2 Samuel 11:1 In the spring, at the time when kings go off to war, David sent Joab out with the king’s men and the whole Israelite army.
Spring was the time for war because the weather was agreeable, and fields provided food for armies on the march. David had led battles in the past, but now that he was established, others could do the work. So David remained at home, a king at his leisure.
2 Samuel 11:2 One evening David got up from his bed and walked around on the roof of the palace.
David’s palace had a flat roof porch, and may have been the tallest building in Jerusalem. This gave him a view of the region, as well as other people’s homes. From there he saw a woman bathing, and noticed that she was beautiful. David should have looked away, but chose to prolong his gaze. Then he sent for the woman, and she became pregnant. Her name was Bathsheba, and she was married to Uriah.
This was quite a problem since David was a spiritual leader, and the law of God said, You shall not commit adultery (Exodus 20:14). Even worse, If a man commits adultery with another man’s wife—with the wife of his neighbor—both the adulterer and the adulteress are to be put to death (Leviticus 20:10). David and Bathsheba were both in serious trouble.
It would have been better if David had looked away. He was a good man who loved the Lord, and served him with all his heart. But goodness is no guarantee against weakness, and David had a moment of weakness. Now he would try to conceal what he had done.
2 Samuel 11:6 David sent this word to Joab: Send me Uriah the Hittite.
David’s plan was so simple, it could hardly fail. He called Bathsheba’s husband home from battle to give an account of the war. Having been away for a while, he would surely want to sleep with his wife. When he learned that she was pregnant, he would assume the child was his.
But Uriah was a man of such character, that as long as his fellow soldiers were sleeping in a field, he refused the comfort of his own bed. So he slept at the entrance of David’s palace, along with the other servants.
Then David got Uriah drunk, hoping to weaken his resolve. But this also failed. David was growing desperate, so he sent Uriah back to battle with a letter to his commander. Put Uriah out in front where the fighting is fiercest. Then withdraw from him so he will be struck down and die (2 Samuel 11:15).
It is hard to imagine what David was thinking when he penned those terrible words. He truly believed in God’s law, including You shall not murder (Exodus 20:13). But desperate people do desperate things, and David was truly desperate. So he set in motion his plan to kill an innocent man.
This is why Jesus taught us to pray, lead us not into temptation, but deliver us from the evil one (Matthew 6:13). Under the right circumstances there is nothing of which we are not capable, including adultery and murder. Those who do such things are not always worse than others, but are truly ensnared by the devil. Their conduct should be condemned, of course, but under similar circumstances we could do similar things.
2 Samuel 11:26-27 When Uriah’s wife heard that her husband was dead, she mourned for him. After the time of mourning was over, David had her brought to his house, and she became his wife and bore him a son.

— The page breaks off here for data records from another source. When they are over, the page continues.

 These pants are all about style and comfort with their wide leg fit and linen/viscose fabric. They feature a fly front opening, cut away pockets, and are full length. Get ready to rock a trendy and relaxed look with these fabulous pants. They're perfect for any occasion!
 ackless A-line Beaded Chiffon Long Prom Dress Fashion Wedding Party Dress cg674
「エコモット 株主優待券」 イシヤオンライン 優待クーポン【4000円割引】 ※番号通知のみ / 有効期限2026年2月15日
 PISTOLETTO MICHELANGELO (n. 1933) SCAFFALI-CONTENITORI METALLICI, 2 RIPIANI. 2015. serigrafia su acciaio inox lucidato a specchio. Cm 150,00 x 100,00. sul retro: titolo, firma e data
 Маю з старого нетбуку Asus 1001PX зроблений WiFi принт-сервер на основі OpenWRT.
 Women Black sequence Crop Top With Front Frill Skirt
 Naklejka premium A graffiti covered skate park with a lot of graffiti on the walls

As the most powerful man in the nation, David was able to avoid execution for himself and Bathsheba. Perhaps he married her quickly so the child would seem to come from their marriage. Or perhaps he hoped to appear noble by marrying the pregnant widow of a worthy soldier.
Nevertheless, the trauma of David’s sin hardened his heart so much that he was not relating to God. Instead of confessing and repenting, David appears to have rationalized his sin as the privilege of kings. He already had numerous wives—why not one more? But the thing David had done displeased the Lord (1 Samuel 11:27b).

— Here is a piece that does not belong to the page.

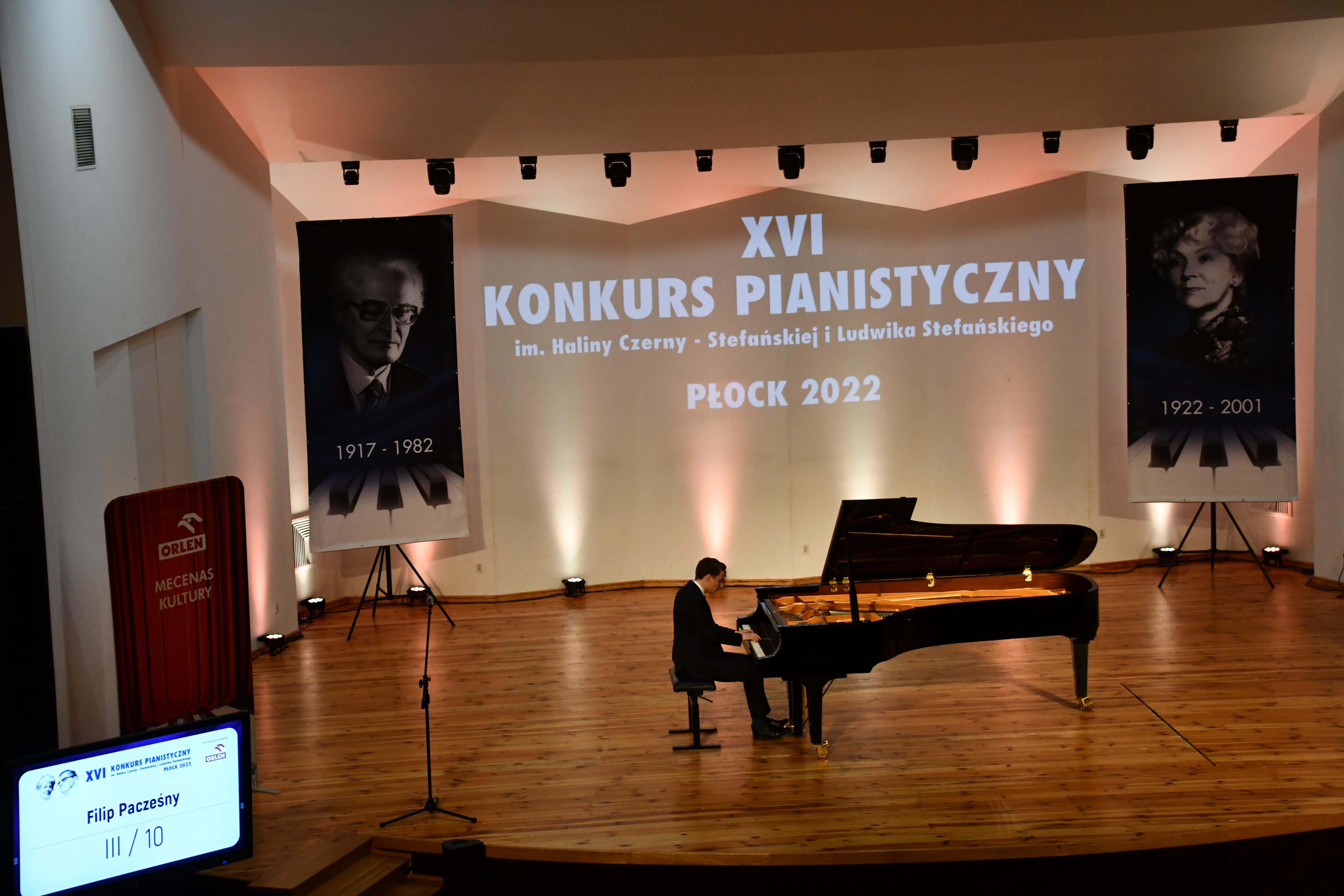 XVI edycję Konkursu Pianistycznego im. Haliny Czenry-Stefańskiej i Ludwika Stefańskiego nazwać już możemy historyczną... Zakończyła się w czwartek (1 grudnia 2022 r.), a wymiar miała – jak wspominaliśmy w zapowiedziach – szczególny. Nie tylko dlatego, że zbiegły się w tym roku dwie ważne rocznice: 100-lecie urodzin profesor Haliny Czerny-Stefańskiej oraz 40-lecie śmierci profesora Ludwika Stefańskiego, ale również dzięki temu, że wzięła w nim udział rekordowa liczba uczestników. Ze zgłoszonych siedemdziesięciukilku osób przed szacownym jury w składzie: prof. Elżbieta Stefańska (przewodnicząca), dr hab. Zofia Antes, prof. Elżbieta Tarnawska, Teruyuki Okada, prof. Hubert Rutkowski wystąpiło sześćdziesięcioro pięcioro młodych pianistek i pianistów, którzy prezentowali się w czterech grupach wiekowych. Najliczniej reprezentowana była grupa I – najmłodsza (dwadzieścioro sześcioro pianistów, w wieku maksymalnie 13 lat i młodszych – najmłodszy uczestnik miał 8 lat), występująca pierwszego dnia. Programy w tej grupie trwały od 10 do15 min. i obowiązkowo musiały zawierać, oprócz kompozycji wybranych przez uczestnika, dowolny utwór z epoki baroku oraz autorstwa Fryderyka Chopina. Drugi dzień należał do 14- i 15-latków (grupa II), którzy oprócz wybranych przez siebie popisowych dzieł, zaprezentować musieli obowiązkowo jeden utwór Jana Sebastiana Bacha i jeden Fryderyka Chopina, mieszcząc się w widełkach czasowych 15-20 min. I już dla każdej z kolejnych dwóch grup ta obowiązkowa część programu była obligatoryjna. W grupie II zaprezentowało się piętnaścioro uczestników – porównywalnie z grupą III, w której ostatecznie z osiemnaściorga pianistów wystąpiło przed jurorami trzynaścioro. Grali oni programy mieszczące się w czasie 20-25 min., słuchacze mieli więc przestrzeń by rozsmakować się w tych znakomitych wykonaniach 16- i 17-latków. Grupa IV – najstarsza – reprezentowana była namniej licznie (jedenaścioro wykonawców), grała jednak programy półgodzinne, co z pewnością było równie wymagające dla jurorów, jak przesłuchania z dnia pierwszego, tym bardziej, że 19-latkowie prezentowali już wykonania o wiele dojrzalsze, wskazujące na większą świadomość kształtowania formy, wymagające baczniejszego wsłuchania się niuanse gry. Wykonawcy prezentowali bardzo różny jej sposób, co jak wspominała prof. Stefańska w wywiadzie dla Polskiego Radia Chopin, zawsze jest niezwykle ciekawe. Niektórzy mieli już bardzo wirtuozowskie zacięcie, ale byli też tacy uczestnicy, którzy głęboko wchodzili w styl i bardzo pięknie grali i Bacha, i Mozarta, a i Chopin został kilka razy wspaniale zaprezentowany.
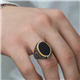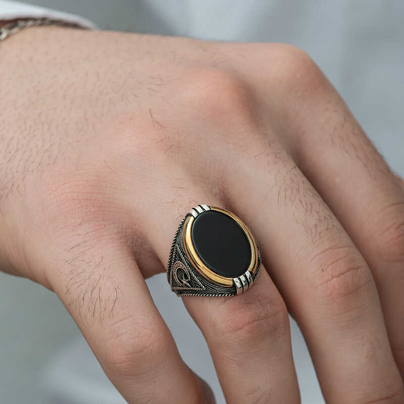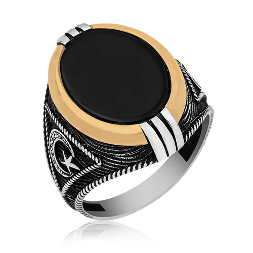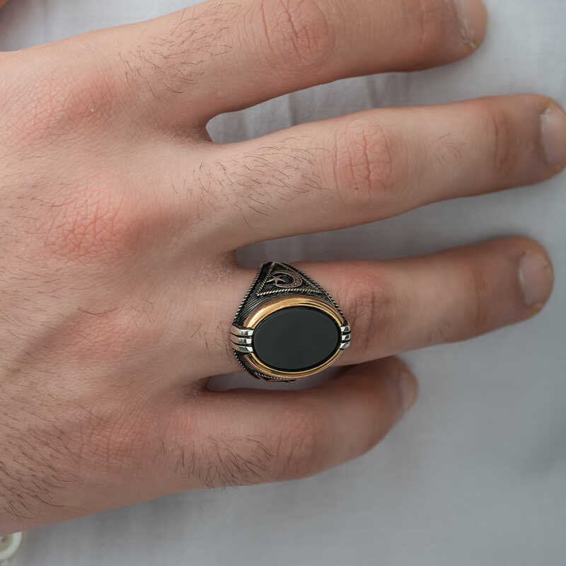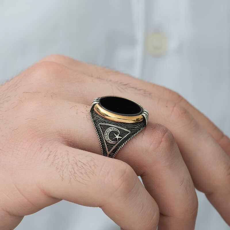 Silver Onyx Stone Crescent Star Crest Men's RingOnyx, which reached the earth's surface over millions of years, is a stone formed by the heating and cooling of rocks and some components over time. Onyx is known as the stone of luck and is a type of semi-precious stone. Due to its workability and aesthetically elegant, onyx has been used in the making of various ornaments and jewelry from ancient times to the present day. Onyx is the sacred stone of the earth signs Taurus, Virgo and Capricorn. People with these signs can be protected from negative energy by choosing onyx stone accessories. The crescent star motif on the sides of the ring "According to one view, the crescent on the Turkish Flag symbolizes "Islam" and the star "Turkishness"; according to another view, the star symbolizes "democracy", equality and freedom, and the crescent "Islam". You can choose this stylish ring for yourself or your loved ones on their birthdays, Father's Day or any special occasion. This stylish ring is made of 925 sterling silver. Oxidized silver is coated. Oxidized rings achieve an authentic look. Like all men's rings, the silver onyx stone crescent star crest men's ring model is handmade. Due to silver and precious stones, there may be a ± 10% deviation from the average product weight.Width: 1.50 cm.Length: 2.50 cm.Average Weight: 14.25 gr.

2 Samuel 12:1 The Lord sent Nathan to David.
God gave the prophet the unhappy task of rebuking the king. It is not clear how Nathan knew of David’s sin, but he may have learned it directly from God. So Nathan went to David with a parable of two men: one rich, the other poor. The rich man had numerous sheep; the poor man had only one sheep, which he loved with all his heart. One day the rich man had visitors, but instead of killing one of his own sheep for dinner, he took the poor man’s sheep.
As surely as the Lord lives, the man who did this must die! (2 Samuel 12:5), said David. You are the man! (2 Samuel 12:7), said Nathan. Then he told David about the terrible consequences that would follow his sin, including the death of their child.
2 Samuel 12:13 Then David said to Nathan, I have sinned against the Lord.
God pardoned David’s sin, but did not remove the consequences. The child died, and David endured hardship. The man God used to build his kingdom let many people down, including himself.
God’s people need a righteous king to lead us into righteousness. Jesus lived a perfect life, and took away our sins, when he died on the cross for us (1 John 3:5). We all stumble in many ways (James 3:2), wrote James. But we know that when Christ appears, we shall be like him (1 John 3:2), wrote John. Then we’ll live in righteousness, never to sin again.
Reflection and Review
Was David basically good or bad?
What can we learn from Uriah?
How could David have avoided this failure?